Сумароков не то, чтобы любил или не любил спутницу по жизни, – привык… Ему нравилось, что за ним присматривают, угождают, обслуживают, признают главой семейства. Нравилось и то, что Валентина умела готовить. «Асадо а ля паррилла», если по-простому, жаркое, жареное мясо, да в местном соусе «сальмуэра», – пальчики оближешь. Собственно, потому и взял Валентину с собой.
– Знаешь, кого я вчера встретил на рынке? За анчоусами свежими стоял. Ни за что не догадаешься… Того доктора.
– Из института?
– Ага… Представляешь. И сразу узнал. Привет, говорит, Иван Павлович! Нет, ты представляешь? Ну, я тоже как бы обрадовался, думаю, куда тебя черти занесли… Он-то виду не подает, что удивлен, пошли, говорит, по чашечке кофе отпразднуем встречу. Я и пошел… А что делать, не отказываться же.
– И что?
– А то, Валентина, что сделал мне интересное предложение. Сказал, что открывает здесь филиал Института, и ему нужен пресс-секретарь для рекламы… Во всех газетах. Сказал, что собирается в местный парламент идти, выдвигаться от русских, значит. В Палату представителей, чтобы права соотечественников защищать. А платить обещал в песо в банк на Каймановых островах. И никаких налогов, все чисто, не подкопаешься. А работа, – как в Питере, – мозги и внутренние органы принимать на сохранение, у подходящих, конечно, не у всех. Экспериментальная медицина, понимаешь?.. Склад генов человеческих на будущее, когда нас не будет или апокалипсис какой случится. Тем, кто подходит, – питание трехразовое, проезд оплачиваемый. С «социалкой», правда, пока туго… но ничего, главное, начать, а народ поддержит, не волнуйся.
– Да я и не волнуюсь. А тебе-то что от этого? Ты ведь уже сдал мозги свои тогда.
– Так-то оно так. Но можно и по второму разу. Заживем как люди, Валюха!.. Мне, как земляку, обещал бонус, путевку бесплатную, семь дней, шесть ночей.
– В Ленинград, что ли?
– Ну да… В Питер.
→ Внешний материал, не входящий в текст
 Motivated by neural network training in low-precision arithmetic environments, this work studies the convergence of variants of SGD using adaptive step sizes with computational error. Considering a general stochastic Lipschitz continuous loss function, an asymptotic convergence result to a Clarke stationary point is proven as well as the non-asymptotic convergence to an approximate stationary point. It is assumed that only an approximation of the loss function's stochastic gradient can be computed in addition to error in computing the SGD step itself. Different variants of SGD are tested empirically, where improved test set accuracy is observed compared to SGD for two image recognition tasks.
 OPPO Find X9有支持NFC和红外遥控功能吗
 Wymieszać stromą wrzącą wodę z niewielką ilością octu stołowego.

А? Знакомых повидать, себя показать…
– Ох… Не знаю даже. Везде хорошо, где таких как мы с тобой нет. А по мне, чем по миру мыкаться, и здесь вроде бы прижились… А на пенаты, Ванечка, хорошо смотреть издали, по телевизору, вот что я тебе скажу…
Пушкин, который жил на Бугорках
«Волны памяти всё чаще уносили в те, увы, уже далёкие годы… Неужели старею?» – подумал Старик.
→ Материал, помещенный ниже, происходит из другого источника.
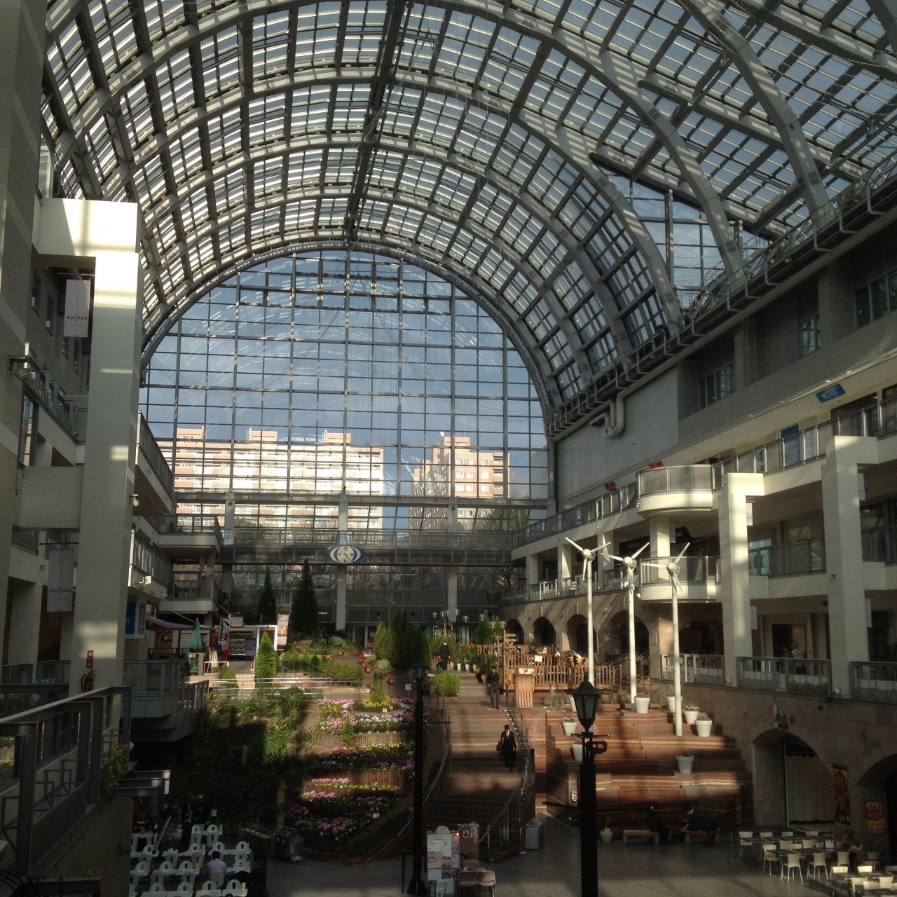 事前情報なしで行ってみました。ある一角にはレンガ造りの工場跡が保存されて、またある一角にはドーム型ガラス屋根の大きな庭園が中心にある商業施設があったりするおしゃれな商業コンプレックスとなっていました。駐車場は地下にあって1時間(90分かも)までは無料で駐車できました。

Бугорки… Самые, наверное, по-детски счастливые дни в жизни. Бугорки – малюсенькая, на дюжину домов улочка на окраине Питера, за Троицким полем, на границе с посёлком Рыбацкое. Там, где проспект Обуховской Обороны плавно переходит в Рыбацкий. Пройти оставшиеся от войны бетонные противотанковые надолбы, установленные на тот случай, если бы фашисты прорвались, – здесь проходил внутренний пояс обороны Ленинграда, спуститься вниз – вот они… Бугорки… Надо же, какое название…
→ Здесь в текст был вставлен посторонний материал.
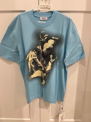 Camiseta de la marca Off-White con un diseño gráfico llamativo. - Color azul con estampado multicolor. - Talla S.

И впрямь, бугорки… Отсюда – пешком в школу, 2 км – не расстояние для молодых ног. Школа в Рыбацком – солидное каменное трёхэтажное здание на берегу Невы. Построенный по проекту Льва Шишко в 1909 году «Училищный дом» должен был стать архитектурным украшением всей округи и долгое время таковым являлся. Школа по праву считалась очагом просвещения в традициях лучших русских гуманитариев. Годы «реформ» превратили исторический памятник, объект культурного наследия в развалюху, проданную в 2006 году с аукциона и снесённую в угоду планам устроить здесь «дом отдыха»… Общественность билась за здание до конца, но… Современные школьные стандарты не позволяли восстановить учебное заведение, да и необходимость в нём отпала.